- Born: Samuel Erasmus Beall IV August 21, 1976 Knoxville, Tennessee, U.S.
- Died: February 25, 2016 (aged 39) Beaver Creek, Colorado, U.S.
- Education: University of Tennessee, California Culinary Academy
- Occupations: Chef and restaurateur
- Years active: 2000–2016
- Known for: The Blackberry Farm Cookbook (2009), The Foothills Cuisine of Blackberry Farm (2012)
- Spouse: Mary Celeste Beall
- Children: 5

= Sam Beall =

American chef (1976–2016)

Samuel Erasmus Beall IV (August 21, 1976 – February 25, 2016) was an American chef and restaurateur. He ran Blackberry Farm in Walland, Tennessee, a Beall family business which has been rated as among the best resorts in North America. He was a major proponent of having American restaurants focus on regional cuisine for their menus.

==Early life and education==
Beall was born in 1976, in Knoxville, Tennessee, to Samuel E. (Sandy) Beall III, the founder of the Ruby Tuesday restaurant chain, and his wife, Kreis. The couple bought the property, located in the foothills of the Great Smoky Mountains, in December 1976 and ran it as a small country inn. Sam, who was four months old at the time of the purchase, spent his earliest years on the farm. When his father sold the restaurant chain in 1982, the family moved to Mobile, Alabama, where he was raised.

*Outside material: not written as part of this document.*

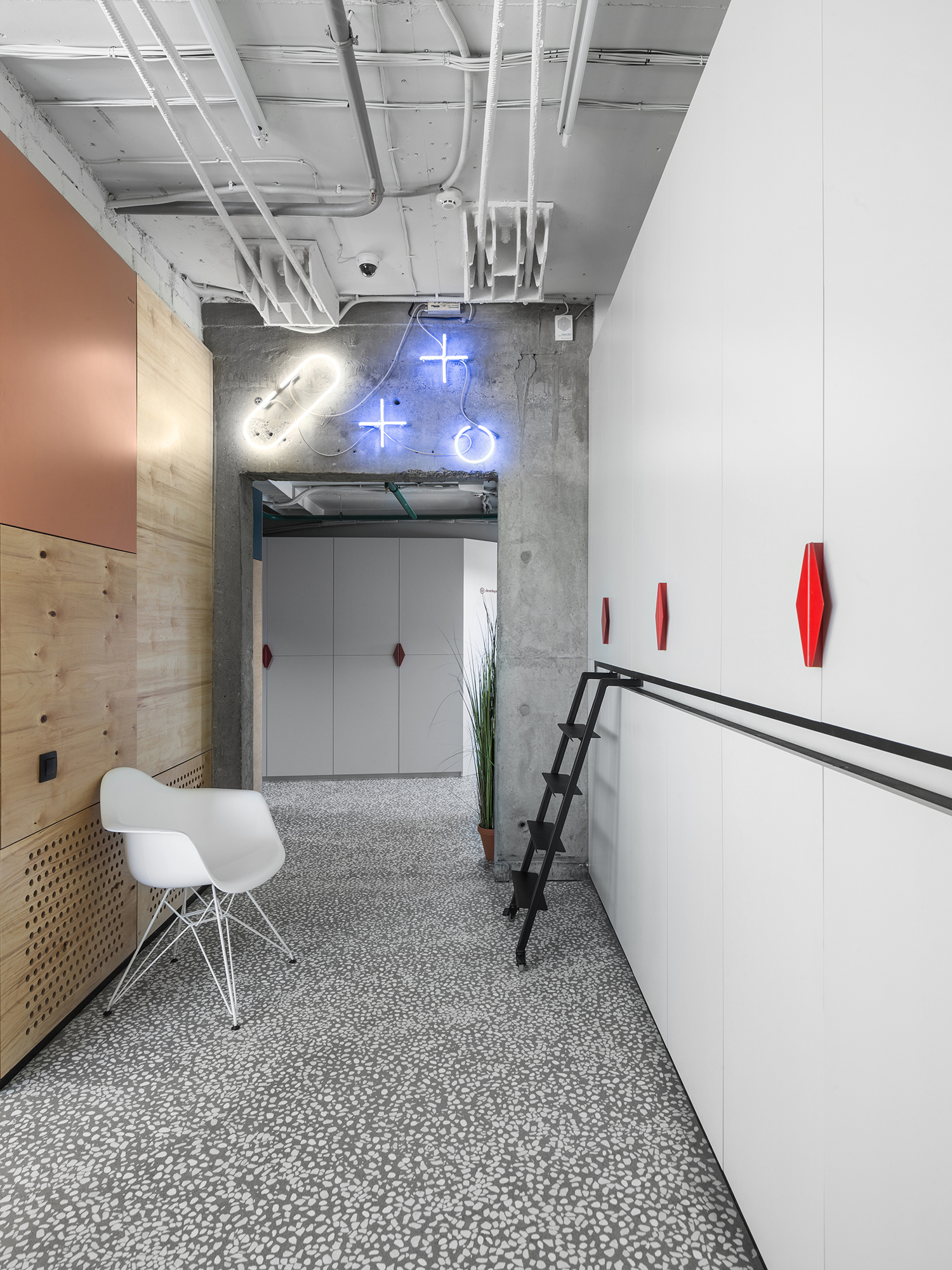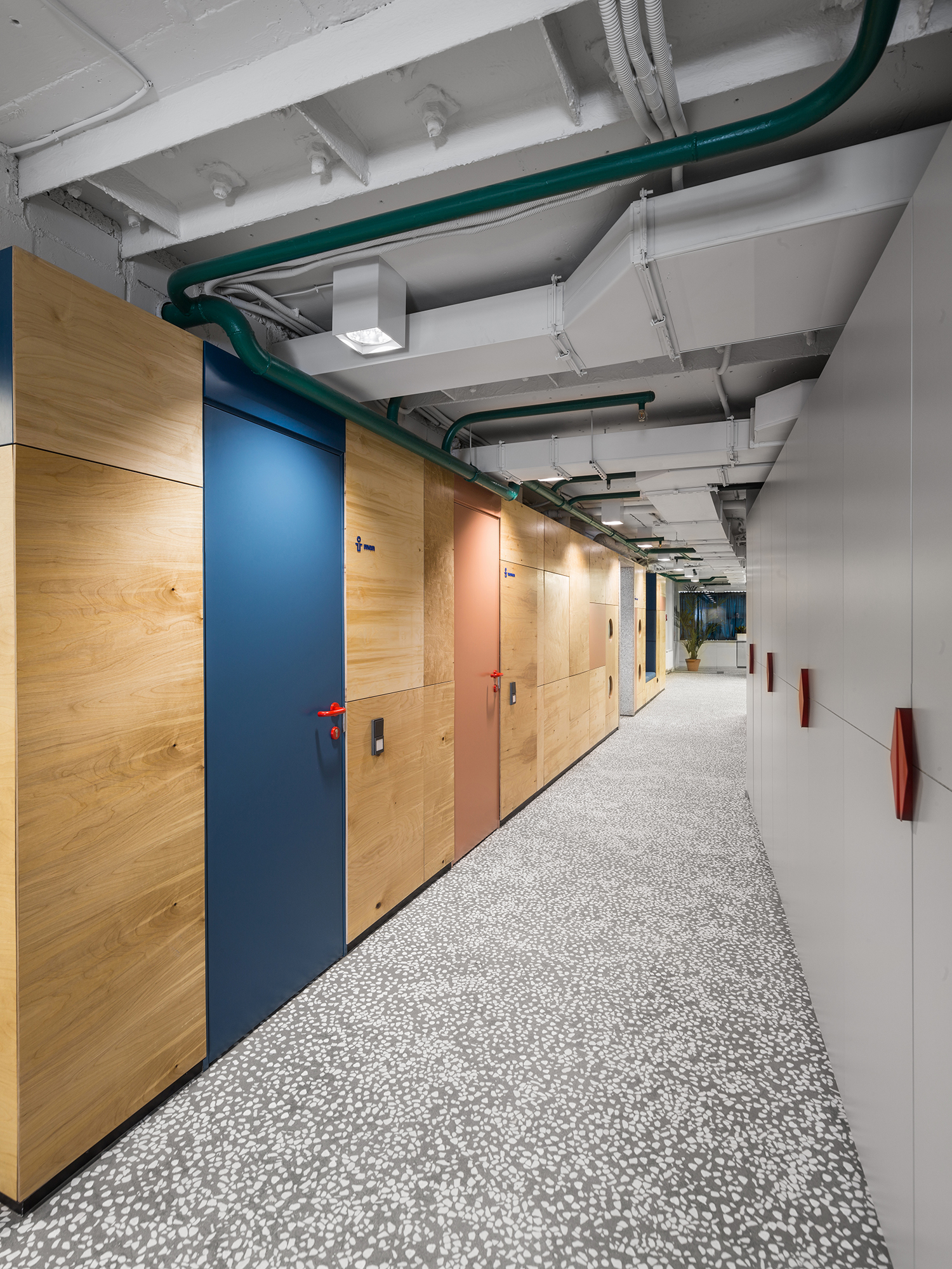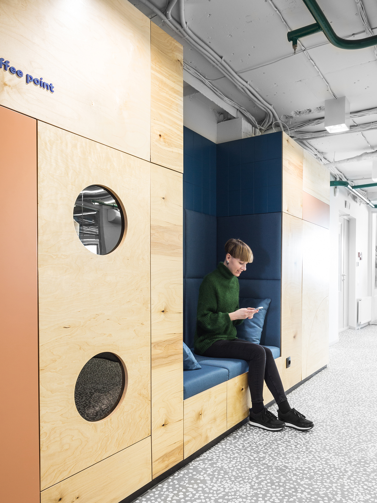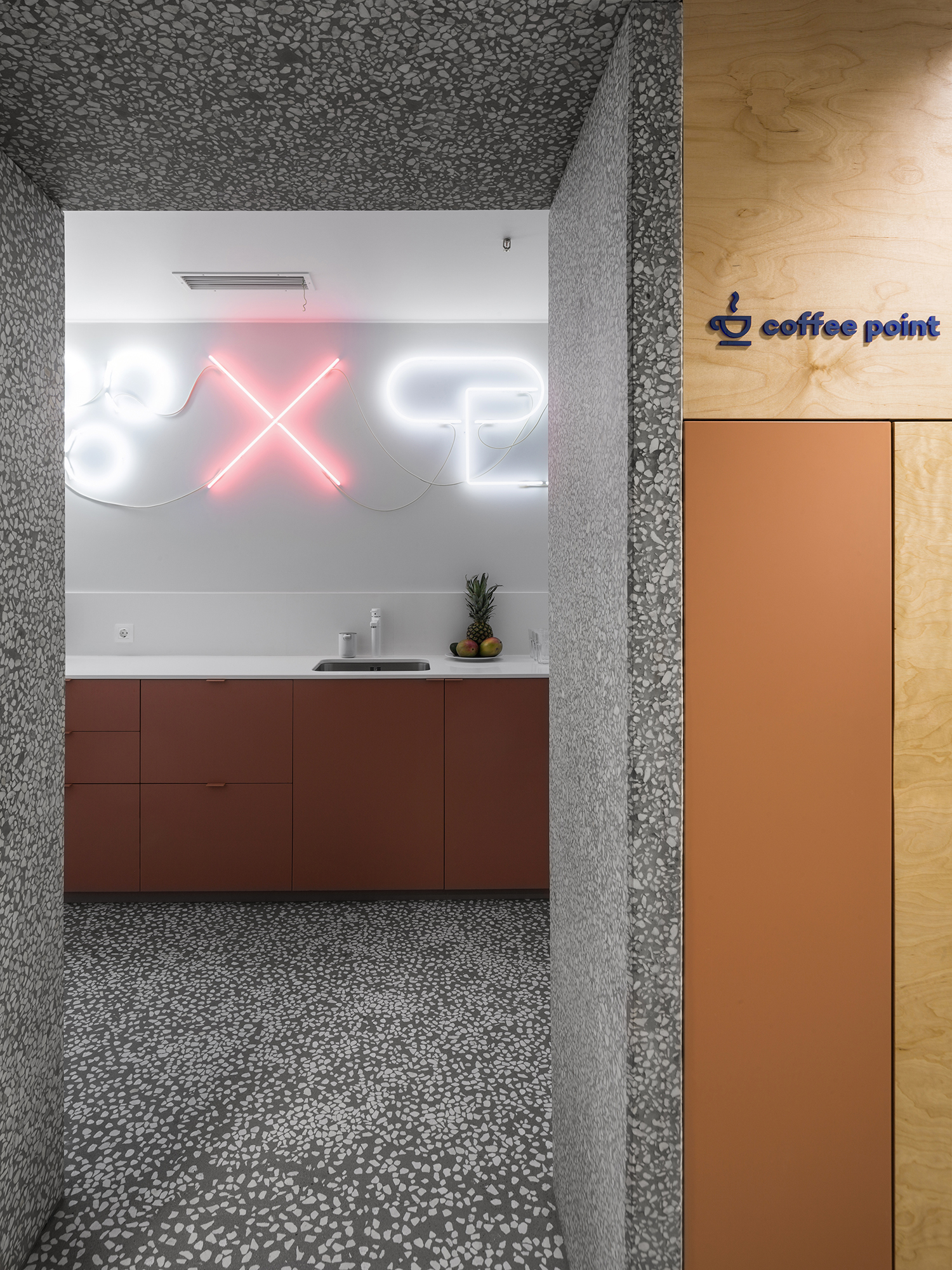 Сочетание в одном пространстве масштабных интерьерообразующих приёмов и более мелких ярких деталей: выдержанные материалы изысканного тераццо пола и теплого объёма из фанеры и яркие цветовые пятна в гармонии с акцентной кастомной графикой.

As a young man, Beall studied first at Hampden-Sydney College. and graduated from the University of Tennessee.

==Career==
After graduating, Beall moved to California, where he studied at the California Culinary Academy, following which he worked at the Ritz-Carlton Hotel in San Francisco, and went on to study French cuisine at The French Laundry in Yountville, California.

Returning to his family home, Beall took over management of the farm and built the Blackberry Farm Inn into a culinary destination for "farm-to-table cooking" focusing on what he called foothills cuisine. He recruited kitchen staff and developed the attached FarmStead to produce ingredients, such as heirloom vegetables, charcuterie, and cheeses, for the food offered at the inn.

==Death==
Beall died in 2016, at the age of 39, of injuries he suffered from an accident while skiing at Beaver Creek, Colorado. The local coroner determined that he had hit a wooden sign post located between the ski runs and died of blunt force trauma to the chest. After his death, his widow, Mary Celeste Beall, assumed management of the inn.

==Works==
- The Blackberry Farm Cookbook: Four Seasons of Great Food and the Good Life (2009).
- The Foothills Cuisine of Blackberry Farm: Recipes and Wisdom from Our Artisans, Chefs, and Smoky Mountain Ancestors with Marah Stets, Clarkson Potter, New York (2012).